→ PROBLEM TO WORK ON
Each entry below needs to be transcribed verbatim; the images should not appear.

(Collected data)
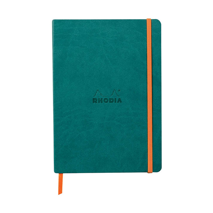 Carnet 160 pages RHODIARAMA format A5, ligné, couverture souple en simili cuir, bleu paon. Dos carré collé. Ruban marque-page et pochette à soufflet à l'intérieur. Papier vélin velouté 90g ivoire. Fermeture par élastique. Format A5 = 14,8 x 21 cm.
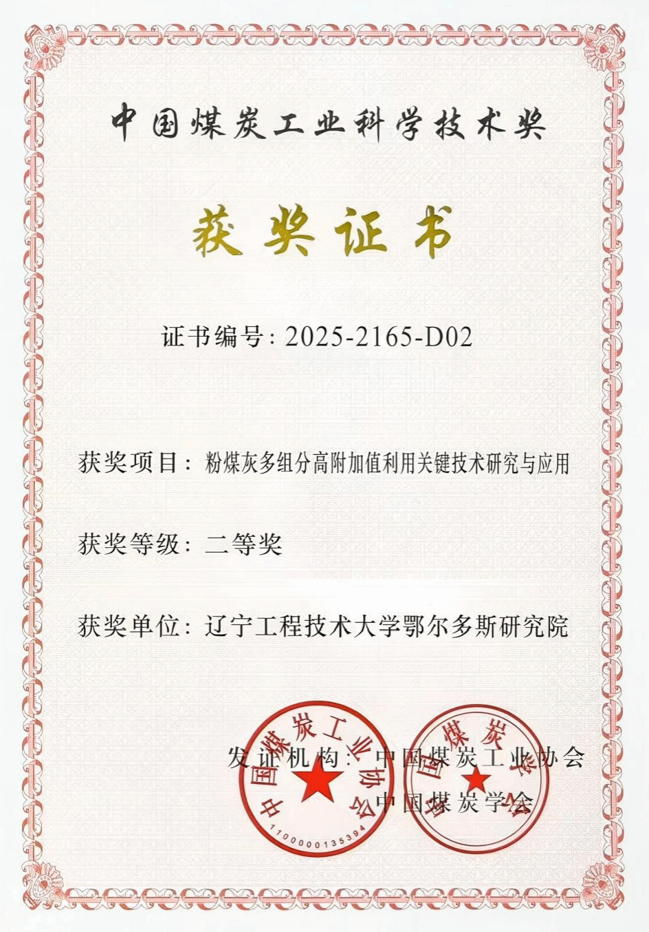 辽宁工程技术大学鄂尔多斯研究院作为学校服务西部能源与环保产业的重要平台,长期致力于煤矿灾害防治与矿区生态修复、固废资源化利用与绿色低碳技术研发,实现了前沿技术与产业实践的深度融合。此次获奖,是研究院深化产学研合作、推动科技成果落地转化的又一重要体现,后续将加速推动研究院科技成果向产业需求转化,为煤炭行业转型升级提供坚实技术支撑。
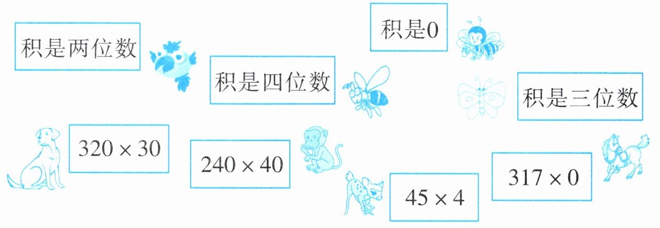 所以积是两位数没有;积是四位数:$320×30$,$240×40$;积是$0$:$317×0$;积是三位数:$45×4$。
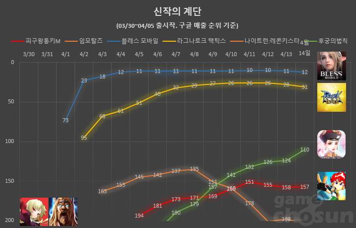 안 아픈 손가락이 없다는 게임사가 애달픈 심정으로 보내게 되는 오픈 첫 주. '신작의 계단' 코너를 통해 지난 한주 간 출시된 주요 신작들의 첫 주말 성적을 알아본다.
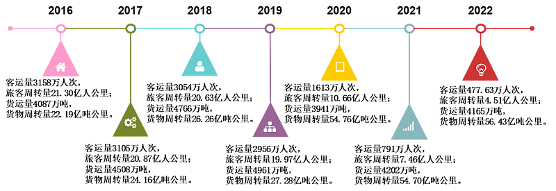 2016-2022年客貨運(yùn)量及周轉(zhuǎn)量
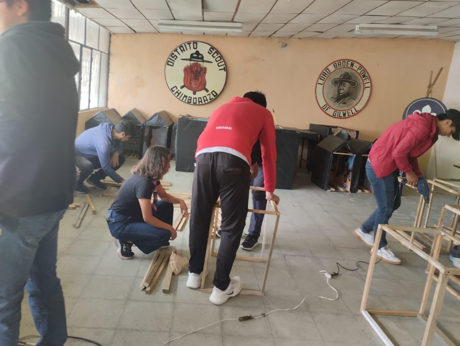 1.Planificar lugar de construcion, modelos y numero de casas , materiales y sus ubicaciones. Socializacion con los partidos politicos para la donacion de la pancartas usadas: igualmente con grupos scouts y organizaciones de la cuidad para su apoyo-2.Actividad de financiamiento - Primero se desarmo las pancartas y se corto las madera en piezas para ser unidas, luego ser cubiertas por la lona y para finalizar colocamos un almoda para que sirva de colchon 3entrega en lo lugares destinados .
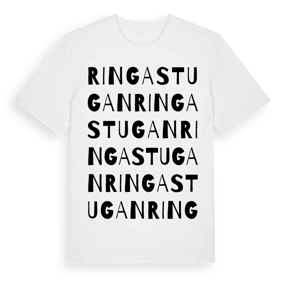 Ringastugan ordlek t-shirt är inspirerad av Ringastugan i Hallands län, Sverige. Tröjan är designad för dig som har en speciell koppling till platsen – oavsett om du bor här, har rötterna här eller bara älskar Ringastugan.
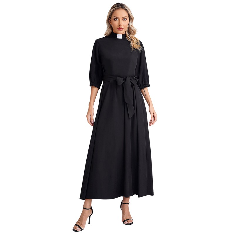 Church clergy gown for women, mock neck, maxi length, 3/4 sleeve with elastic cuffs for a better fit. Pair with a belt.
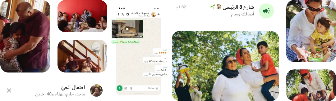 سواء كنت تجري دردشات يومية مع أصدقائك المقربين أو متابعات دورية مع زملائك في العمل، ستساعدك المراسلة في مجموعات واتساب على البقاء على تواصل مع جميع من تعرفهم. التطبيق مجاني* ويتمتع بالخصوصية ويقدم لك الخصائص التي تحتاج إليها لإجراء محادثات أسهل بإنتاجية أكبر.
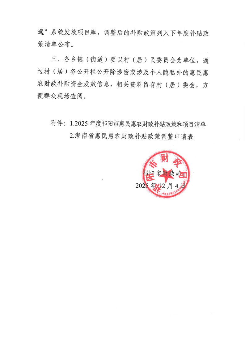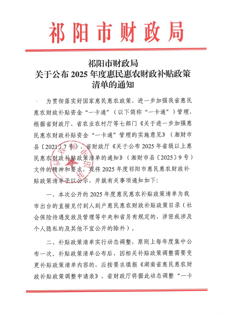 祁阳市财政局关于公布2025年度惠民惠农财政补贴政策清单的通知

→ RESULT
 Carnet 160 pages RHODIARAMA format A5, ligné, couverture souple en simili cuir, bleu paon. Dos carré collé. Ruban marque-page et pochette à soufflet à l'intérieur. Papier vélin velouté 90g ivoire. Fermeture par élastique. Format A5 = 14,8 x 21 cm.
 辽宁工程技术大学鄂尔多斯研究院作为学校服务西部能源与环保产业的重要平台,长期致力于煤矿灾害防治与矿区生态修复、固废资源化利用与绿色低碳技术研发,实现了前沿技术与产业实践的深度融合。此次获奖,是研究院深化产学研合作、推动科技成果落地转化的又一重要体现,后续将加速推动研究院科技成果向产业需求转化,为煤炭行业转型升级提供坚实技术支撑。
 所以积是两位数没有;积是四位数:$320×30$,$240×40$;积是$0$:$317×0$;积是三位数:$45×4$。
 안 아픈 손가락이 없다는 게임사가 애달픈 심정으로 보내게 되는 오픈 첫 주. '신작의 계단' 코너를 통해 지난 한주 간 출시된 주요 신작들의 첫 주말 성적을 알아본다.
 2016-2022年客貨運(yùn)量及周轉(zhuǎn)量
 1.Planificar lugar de construcion, modelos y numero de casas , materiales y sus ubicaciones. Socializacion con los partidos politicos para la donacion de la pancartas usadas: igualmente con grupos scouts y organizaciones de la cuidad para su apoyo-2.Actividad de financiamiento - Primero se desarmo las pancartas y se corto las madera en piezas para ser unidas, luego ser cubiertas por la lona y para finalizar colocamos un almoda para que sirva de colchon 3entrega en lo lugares destinados .
 Ringastugan ordlek t-shirt är inspirerad av Ringastugan i Hallands län, Sverige. Tröjan är designad för dig som har en speciell koppling till platsen – oavsett om du bor här, har rötterna här eller bara älskar Ringastugan.
 Church clergy gown for women, mock neck, maxi length, 3/4 sleeve with elastic cuffs for a better fit. Pair with a belt.
 سواء كنت تجري دردشات يومية مع أصدقائك المقربين أو متابعات دورية مع زملائك في العمل، ستساعدك المراسلة في مجموعات واتساب على البقاء على تواصل مع جميع من تعرفهم. التطبيق مجاني* ويتمتع بالخصوصية ويقدم لك الخصائص التي تحتاج إليها لإجراء محادثات أسهل بإنتاجية أكبر.
 祁阳市财政局关于公布2025年度惠民惠农财政补贴政策清单的通知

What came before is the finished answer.